04 Memory Optimization Part2 Where to Start With Memory Optimization

04 Memory Optimization Part2 Where to Start with Memory Optimization #

After grasping the background knowledge related to memory, the next step is to start optimizing memory. However, before we actually begin the memory optimization process, we need to evaluate the impact of memory on application performance. This evaluation can be done by analyzing the ratio of “crash exits” and Out Of Memory (OOM) occurrences. On the other hand, low-memory devices are more prone to exceptions and lag caused by insufficient memory, and we can evaluate this by examining the proportion of devices with less than 2GB of memory among the users of the application.

Therefore, it is crucial to set our goals before optimization. For example, optimizing for a 512MB device is a completely different approach compared to optimizing for devices with 2GB or more of memory. If we are targeting users in Southeast Asia or Africa, the standards for memory optimization become even stricter.

After all the preparations, let’s now take a look at the methods for memory optimization.

Memory Optimization Discussion #

Where should we start with memory optimization? I usually start with device grading, Bitmap optimization, and memory leaks.

1. Device Grading

You may have encountered the situation where an app runs smoothly on a smartphone with 4GB of memory, but it may not work as well on a smartphone with 1GB of memory. Furthermore, the performance may vary when the system is idle or busy.

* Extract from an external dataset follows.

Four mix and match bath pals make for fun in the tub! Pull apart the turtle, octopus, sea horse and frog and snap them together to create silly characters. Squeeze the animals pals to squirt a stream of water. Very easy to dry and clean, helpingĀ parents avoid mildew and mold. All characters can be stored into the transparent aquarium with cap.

Memory optimization should first consider the device environment. In a previous article, I mentioned a common misconception: “the less memory used, the better.” In reality, we can allocate and recycle memory differently based on the performance of different devices.

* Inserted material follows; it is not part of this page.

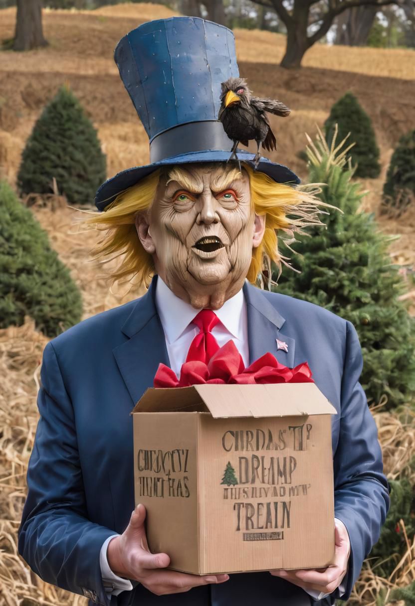 Donald Trump as Scarecrow from The Wizard of Oz, holding a box containing a brain, Christmas tree

Of course, this requires a well-designed architecture, and the following points should be considered during the design:

  • Device grading: Use strategies like device-year-class to grade devices. For low-end devices, complex animations or certain features can be turned off, and 565 format images and smaller cache memory can be used. In the real world, not every user’s device is as high-end as our test devices. During the development process, we need to consider whether certain features should be enabled for low-end devices and whether they can be downgraded when system resources are scarce.

Here’s an example:We know that device-year-class determines the year a device belongs to based on information such as memory, CPU cores, and frequency. This example represents adding complex animations for devices after 2013 and no animations for low-end devices before 2010.

if (year >= 2013) {
    // Do advanced animation
} else if (year >= 2010) {
    // Do simple animation
} else {
    // Phone too slow, don't do any animations
}
  • Cache management: We need a unified cache management mechanism that can appropriately use memory and return it when needed. We can use the OnTrimMemory callback to release memory based on different states. For large projects, there may be dozens or even hundreds of modules, so unified cache management can better monitor the cache size of each module.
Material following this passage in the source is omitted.